Black hole mirages

Microstructured Quantum Matter Seminar

  • Date: Nov 8, 2022
  • Time: 10:30 AM - 11:30 AM (Local Time Germany)
  • Speaker: Tobias Meng
  • TU Dresden
  • Location: CFEL (Bldg. 99)
  • Room: Seminar Room IV, O1.111
  • Host: Carsten Putzke

Topological states of matter are usually define via topological invariants formulated as momentum space integrals. This requires the presence of a Brillouin zone to begin with, and thus translationally invariant materials. An important research frontier is the analysis of systems that are not translationally invariant, but still intimately connected to topology.

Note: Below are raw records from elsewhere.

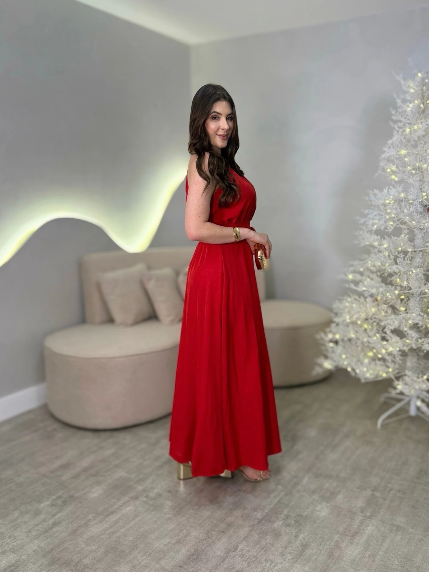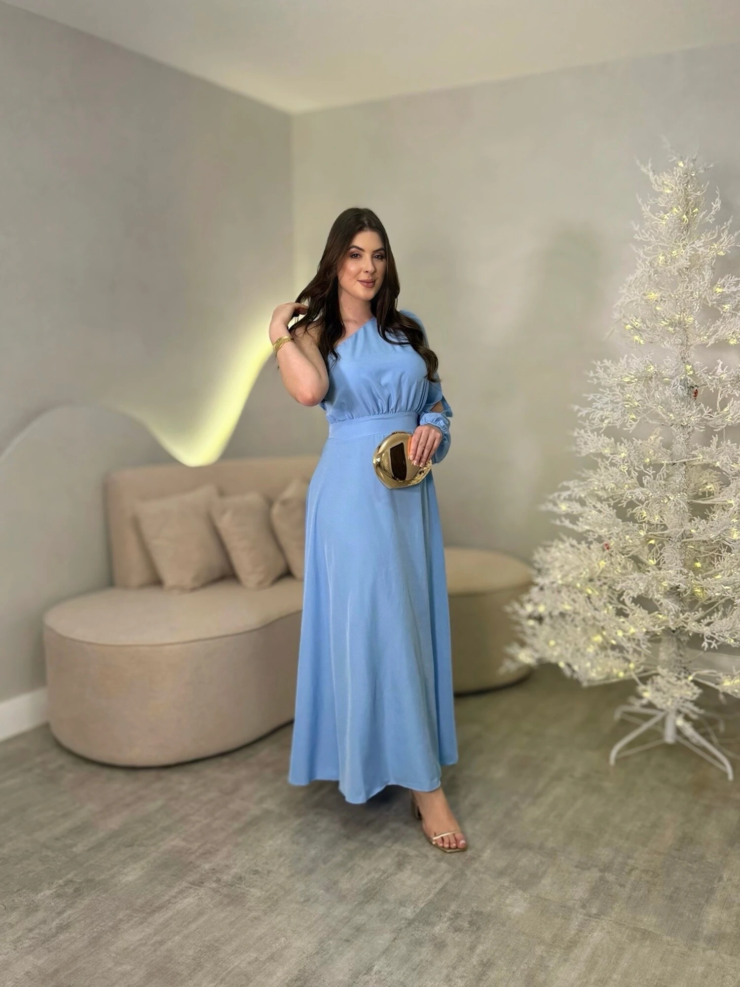 Vestido Longo Nula Manga. Modelagem Lisa e Básica. Manga Com Detalhe Aberto.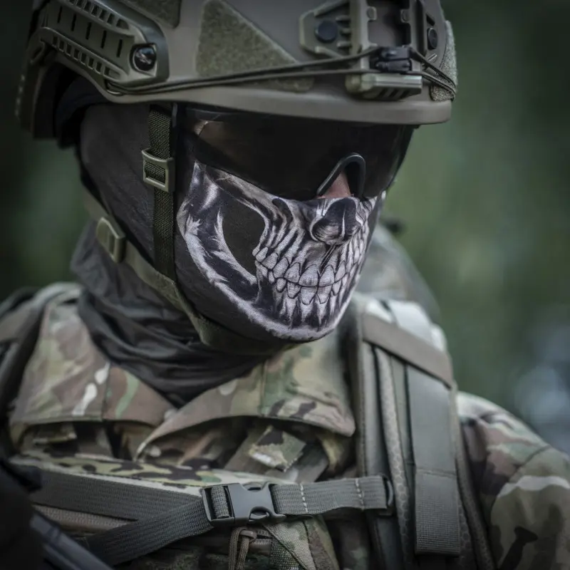 Багатофункціональна бандана Reaper Skull, вона ж Multi-Wrap, і вона ж Recon Wrap – це ще один багатофункціональний аксесуар від бренду M-Tac. Виріб виконаний у формі труби з тонкої трикотажної тканини (100% поліестер), яка шляхом нехитрих махінацій може перетворюватися в підшоломник, балаклаву, бандану-сахару, одношарову і двошарову шапку, пилозахисну маску, шарф і потопоглинаючу повязку. Легко тягнеться. Швидко сохне. У складеному вигляді майже не займає місця. Річ однаково корисна як для страйкболу, походів, вело і мотоспорту. Використовується військовими по всьому світу.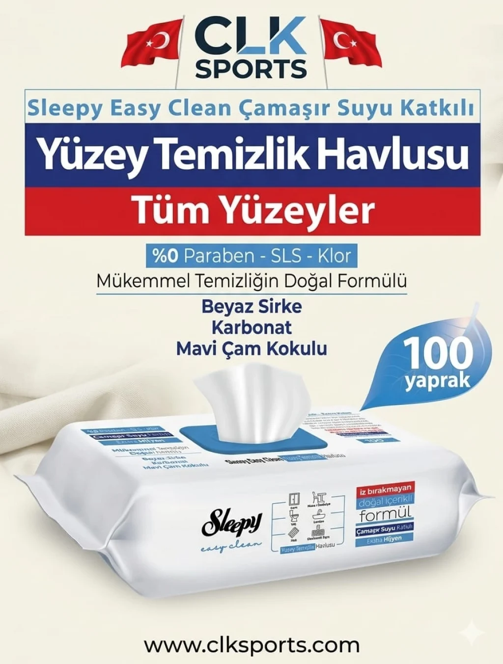 Sleepy Easy Clean Çamaşır Suyu Katkılı Yüzey Temizlik Havlusu, içeriğindeki beyaz sirke, karbonat ve mavi çam kokusu ile cam, ahşap ve seramik, masa, tezgah ve ocak yüzeyleri, telefon, tablet ve televizyon, tuvalet, lavabo, banyo, halı, koltuk ve mobilya gibi kullanım alanlarına sahiptir. Kullan-at özelliğine sahiptir ve boyutları sayesinde tek yaprak ile temizlik sağlar ve yer kaplamaz.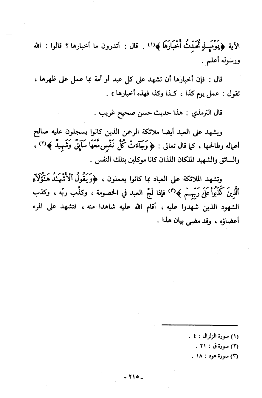 الآية (يومئذٍ تحدث أخبارها) [الزلزلة: 4] . قال: " أتدرون ما أخبارها؟ قالوا: الله ورسوله أعلم.

As one example in that class, I will discuss Weyl semimetals with spatially inhomogeneous nodal tilts. Those can in principle be engineered by inhomogeneous strain patterns. These systems exhibit intriguing analogies to spacetimes with black holes. On the one hand, these analogies allow for a physically transparent description of transport properties, which in turn paves the way towards applications such as electron lenses. On the other hand, the fact that solids are not the universe implies that the analogies do not hold in all regimes. If we look hard enough, analogue black holes fade away like a mirage, ultimately revealing physics „beyond“ gravity analogies.


Background

Tobias is currently an Emmy Noether Junior Research Group Leader at the TU Dresden where he is investigating topological states of matter.
For his recent work and contribution to the field, Tobias has been awarded with the prestigious Heinz Maier-Leibnitz Prize 2022.